Development of a liquid chromatography/tandem mass spectrometry assay for the determination of bestatin in rat plasma and its application to a pharmacokinetic study

Bestatin is a low molecular weight aminopeptidase inhibitor originally isolated from culture filtrates of Streptomyces olivoreticuli. We have developed a sensitive, specific liquid chromatography–tandem mass spectrometry (LC–MS/MS) for the quantitative determination of bestatin in rat plasma using granisetron as the internal standard. The analyte and internal standard were isolated from 50 μL plasma samples by solid phase extraction (SPE). Reverse-phase HPLC separation was accomplished on a Lichrospher C18 column (4.6 mm × 50 mm, 5 μm) with a mobile phase composed of methanol–water–formic acid (70:30:0.5, v/v/v) at a flow rate of 0.8 mL/min. The method had a chromatographic total run time of 3 min. A Varian 1200L electrospray tandem mass spectrometer equipped with an electrospray ionization source was operated in selected reaction monitoring (SRM) mode with the precursor-to-product ion transitions m/z 309.2 → 120.0 (bestatin) and 313.4 → 138.0 (granisetron) used for quantitation.

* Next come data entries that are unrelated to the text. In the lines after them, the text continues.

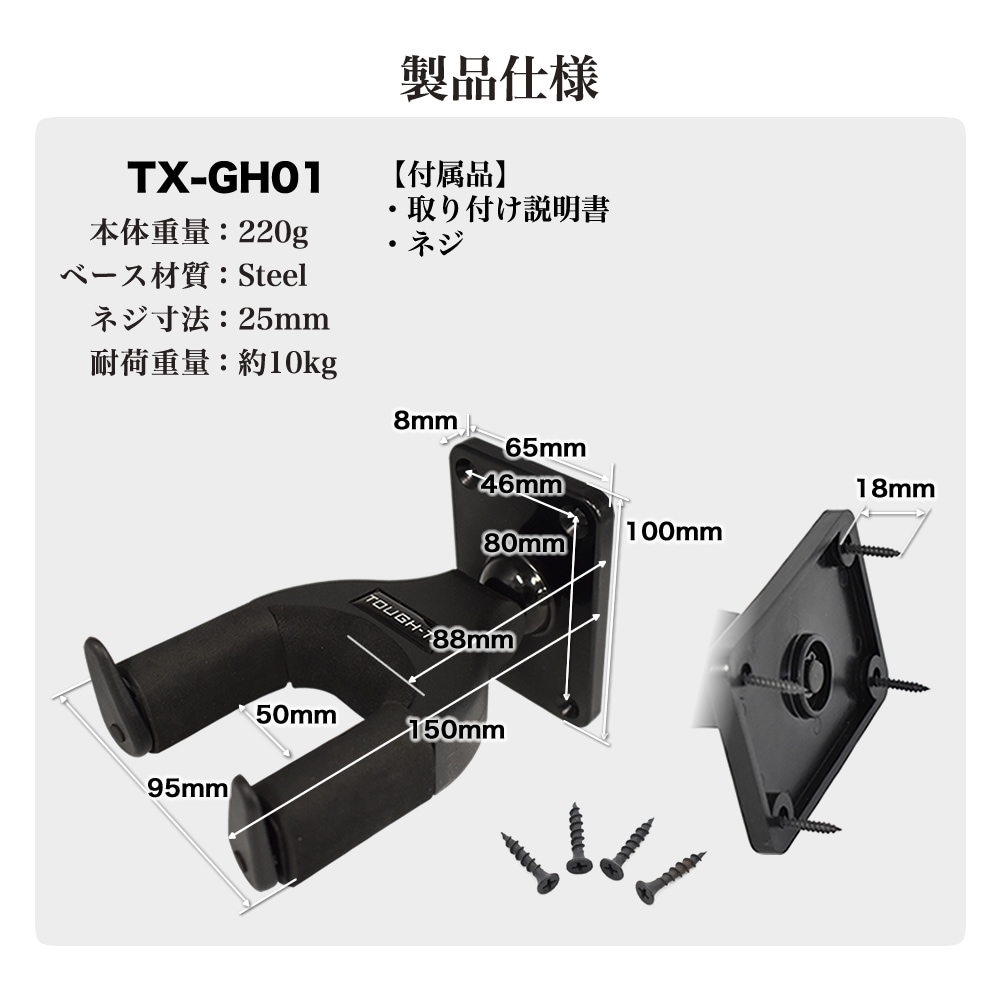 TOUGH-TX ロック式ギターハンガー TX-GH01 【アコースティックギター/エレキギター/ベース対応 タフティクス オートマチック・ゲート・ロック・システム ギターハンガー】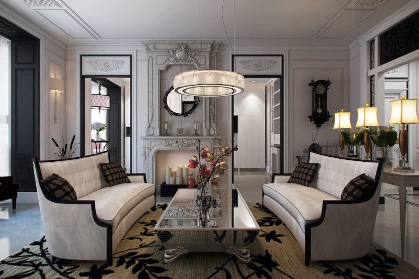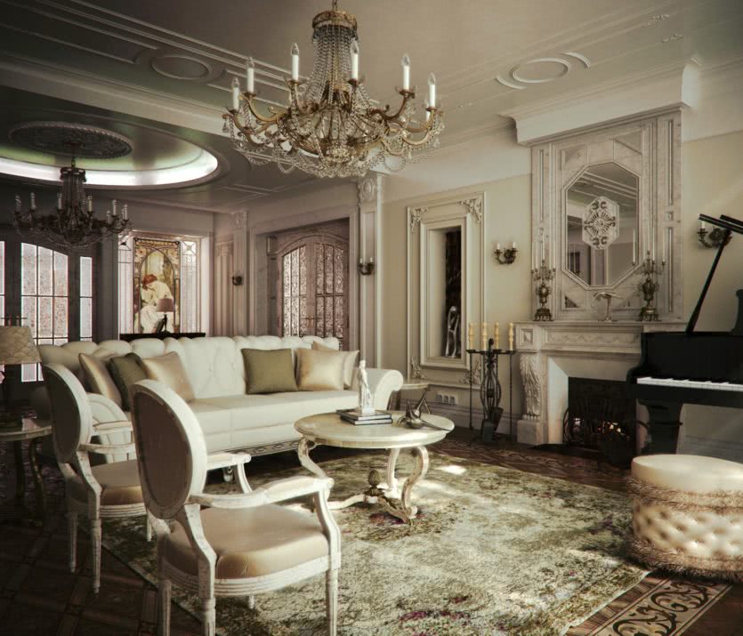 Оформлять помещение в них можно только если есть высокие потолки и большая площадь, строго придерживаясь норм стиля. Тут очень легко перейти к аляповатости и чрезмерности.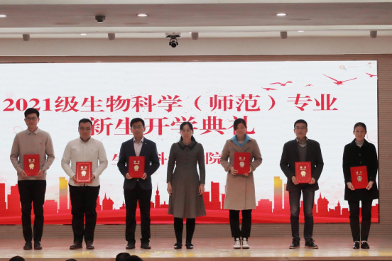 随后,院党委书记李志广为新生授予校徽院旗,增进了新生爱校荣院的情怀,激发了他们“知院、爱院、兴院”的自豪感、荣誉感和责任感。紧接着,典礼上为2021级生物科学(师范)专业班主任颁发了聘书。
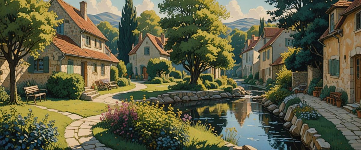 A sunlit village scene with stone houses, cobblestone streets, and a gently flowing creek. Rendered in a comic book style with watercolor and gouache, the image evokes a cheerful, bright atmosphere.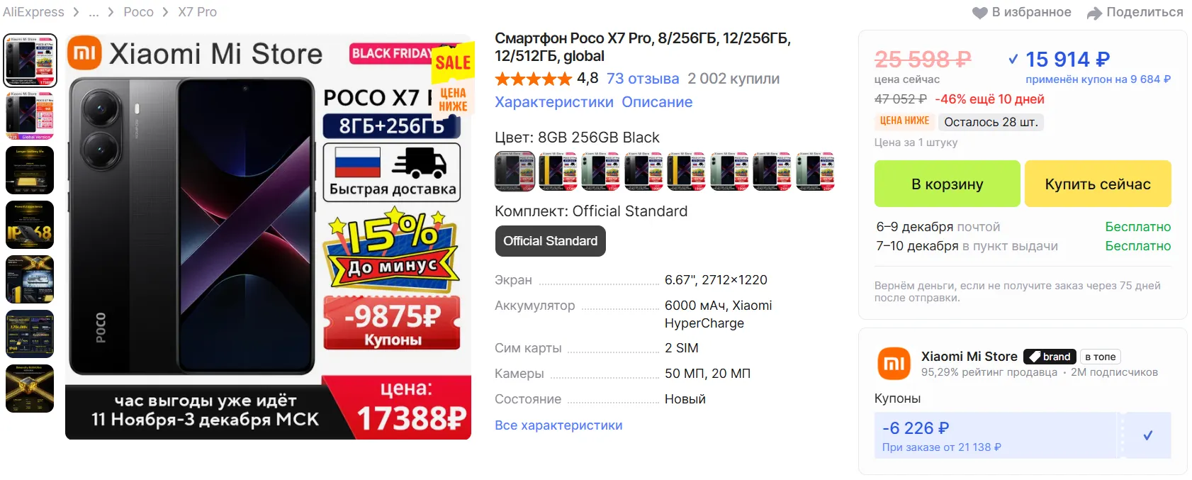 Ноябрь — месяц крупнейших распродаж года. На Али только завершилась 11.11, и сразу стартовала Черная пятница — ценники на некоторые лоты опустились еще сильнее. Среди акционных товаров много классных смартфонов — о десятке самых выгодных из них и поведаем ниже.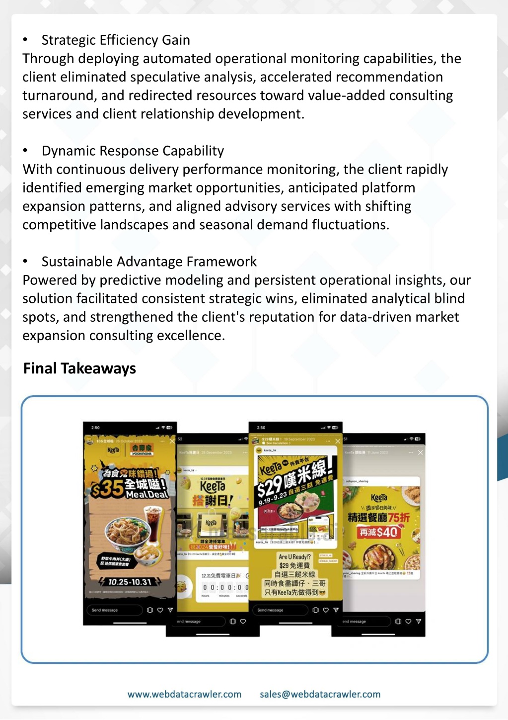 Before partnering with Web Data Crawler's platform, we lacked granular visibility into Keeta's delivery performance metrics across different geographies," explains the client's Strategic Intelligence Director. "Our conventional market research methods provided surface-level insights but missed critical operational patterns. Without systematic approaches for Keeta Market Expansion Strategy analysis, we couldn't identify high- potential markets or advise clients on timing market entry effectively. Understanding Web Scraping Foodhub Reviews Adopting our advanced data collection infrastructure transformed the client's analytical capabilities, delivering unprecedented depth in delivery operations intelligence and enabling evidence-based recommendations across their consulting portfolio. Introduction Within nine months of implementation, they achieved: This case study highlights how our Coupang Product Price Scraping Service revolutionized a client's market analysis and pricing optimization strategy. By deploying advanced techniques, we empowered the client with unmatched insights into the competitive dynamics of South Korea's leading e-commerce platform. • 28% reduction in market research cycle time • 24% growth in consulting engagement renewals • • 42% improvement in market expansion prediction accuracy 31% increase in client satisfaction scores Introduction In today's dynamic quick-commerce landscape, staying competitive requires instant visibility into market pricing trends and consumer preferences. This case study examines how a leading grocery delivery chain with 30+ online stores across major Indian metropolitan areas leveraged Real-Time Grocery Price Monitoring solutions from us to transform their business intelligence capabilities and market positioning strategies. profit margins. Leveraging our specialized Coupang Product Data Scraping Solutions scraping tools, the client gained the strategic edge necessary to excel within Coupang's fast-evolving marketplace. The Client Our customized solution delivered robust market intelligence, enabling clients to drive data- backed pricing decisions, swiftly adapt to market changes, and significantly enhance their The Core Challenges The client struggled with maintaining competitive pricing across thousands of SKUs and identifying regional pricing patterns. They also suffered revenue leakage due to suboptimal pricing strategies. They needed a comprehensive solution to provide detailed insights into quick-commerce market dynamics and enable precise price optimization across their diverse Web scraping involves extracting large amounts of data from websites in an automated manner. Foodhub Reviews Scraper is designed to help businesses collect customer reviews from Foodhub, a popular food delivery platform. grocery catalog. The client revolutionized their approach to pricing strategy and inventory management by By scraping reviews, ratings, and feedback from customers, businesses can gain insights into various aspects of their service, including food quality, delivery times, and customer satisfaction. implementing advanced Grocery Price Data Scraping technologies. This resulted in remarkable improvements in market responsiveness, profit margins, and substantial revenue growth. Instead of relying on manual data collection, Foodhub Reviews Data Collection through scraping allows for real-time access to a large volume of structured data, which is essential for making informed decisions. Client Success Story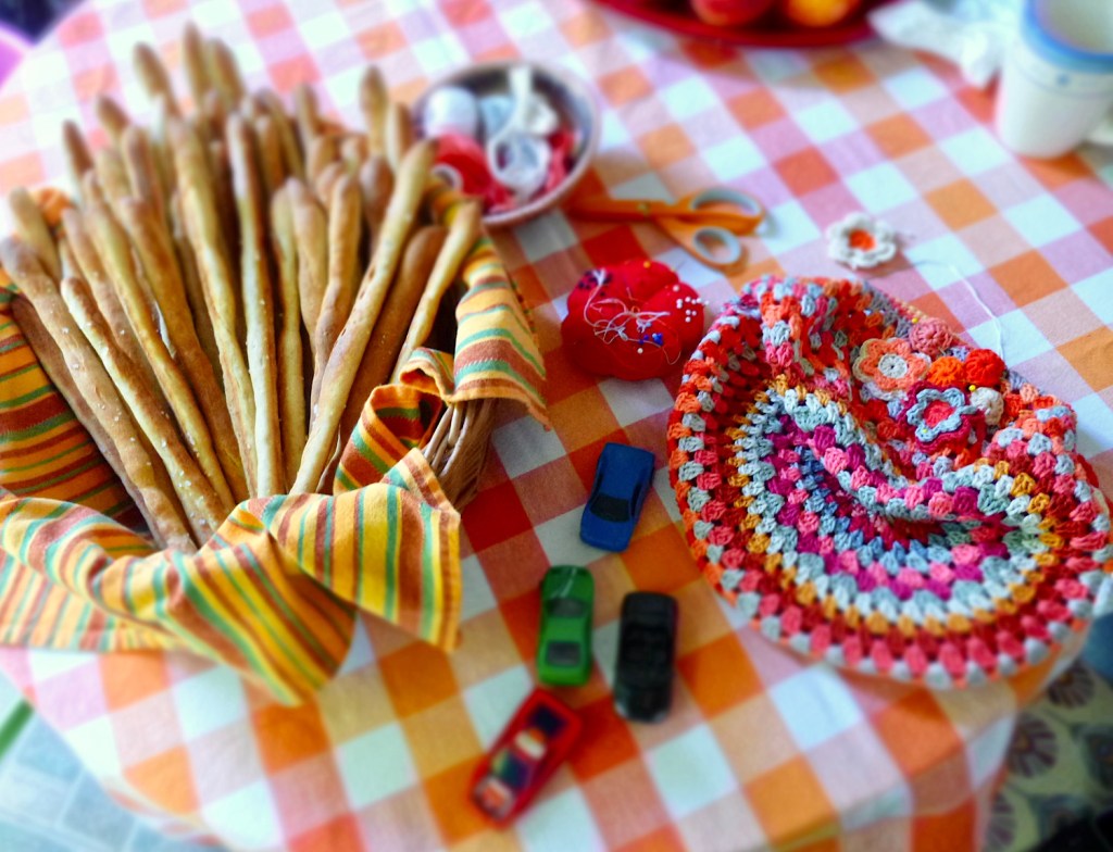 Három tepsi kenyérrudacska (egy negyedik tepsinyit a RK visz magával), a sapka, amin dolgoztam (azóta már elkészült), plusz a helyi zsibin vásárolt matchboxok a legifjabb résztvevő számára.** Ott azt a feketét sikerült is azonmódulag gajravágnia, egy különösen vad rali közben leszakadt az alváza és tengelytörést szenvedett. Azzal vitték el, hogy “majd apa megjavítja”. Én mindezt angyali derűvel szemléltem, mert onnantól, hogy odaadtam, már nem az én reszortom, mit csinál vele, meg különben is matchboxot én három fontos kritérium alapján szoktam megvenni a zsibin: a) legyen meg és forogjon mindegyik kereke, b) legyen elég masszív, lehetőleg fém, c) ne kerüljön többe háromszáz forintnál. Mint látható, a kritériumaim leginkább azt célozzák, legyen minél nehezebb gajravágni a kiskocsikat, de ha véletlenül mégis összejön, hát akkor is veszett több Mohácsnál.

The method was sensitive with a lower limit of quantitation (LLOQ) of 5 ng/mL, with good linearity (r2 ≥ 0.999) over the linear range of 5–2000 ng/mL. All the validation data, such as accuracy, precision, and inter-day repeatability, were within the required limits. The method was successfully applied to pharmacokinetic study of bestatin in rats.